Browning’s X-Bolt is now more than a decade old, but somehow the company makes this rifle feel as new and relevant as anything on the market. Part of the X-Bolt’s mass appeal is that it offers superb accuracy at a reasonable price, and that starts with a button-rifled, air-gauged barrel that is hand-lapped using Browning’s proprietary lapping process and each barrel is hand-chambered. The stainless lightweight sporter barrel on the Pro Tungsten is fluted and has a threaded and crowned muzzle, and both a brake and thread protector are included. The barrel, action and even the stock of this rifle are treated with a Tungsten Cerakote finish, hence the rifle’s name and monolithic look.
The X-Bolt Pro Tungsten also comes with a light, durable carbon fiber wrapped stock with a foam core that keeps mass to a minimum. Like other X-Bolt rifles, the new Tungsten features a bolt with a trio of locking lugs up front for a short bolt lift and fast cycling, a sleek rotary magazine and Browning’s excellent triple-lever Feather Trigger, and the Tungsten’s bolt body and bolt knob are spiral fluted.

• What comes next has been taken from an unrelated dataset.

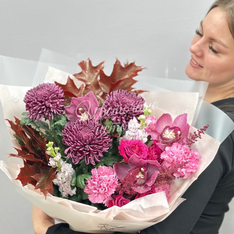 Мы можем создать букет под ваш бюджет, соблюдая все пожелания по составу и цветовой гамме. К букету можем добавить подарок, игрушку, сладости или фрукты.

There are nine chambering options ranging from 6.5 Creedmoor to .300 Win. Mag. and .300 WSM. Aside from established favorites like the .270 Winchester and .308 Winchester, Browning is also offering the Pro Tungsten in .26 Nosler and .28 Nosler, two relatively new cartridges that are quickly amassing a large following, especially among Western hunters.
Depending upon caliber, the X-Bolt Pro Tungsten comes with barrels that range from 22 to 26 inches, and overall weight is 6 pounds, 1 ounce to 6 pounds, 10 ounces. Made by Miroku in Japan, these are among the sleekest and best-built bolt guns on the market today. Browning doesn’t promise MOA accuracy, but I’ve shot more than a half-dozen X-Bolt rifles to date and I haven’t found one that didn’t shoot at least one load to an inch in the hands of a competent shooter. I have no reason to believe that the Pro Tungsten should be any different.
The rifle’s rotary magazine works very well, and I’m a fan of the Browning’s palm swell and tang-mounted safety. Browning’s bolt unlock button is something of an acquired taste, but I like the design and have grown so accustomed to shooting guns with bolt unlocks that pressing the button is second-nature.
With and MSRP ranging from $2,069.99 to $2,129.99, the X-Bolt Pro Tungsten will run you about the same price as Browning’s entry-level over/under shotguns, but if you had to own just one rifle for hunting all game in North America, the X-Bolt should be near the top of your list. And, to my thinking, the added protection of a Cerakote finish, a light carbon fiber-wrap stock and modern styling make the Pro Tungsten the most desirable of all Browning bolt guns.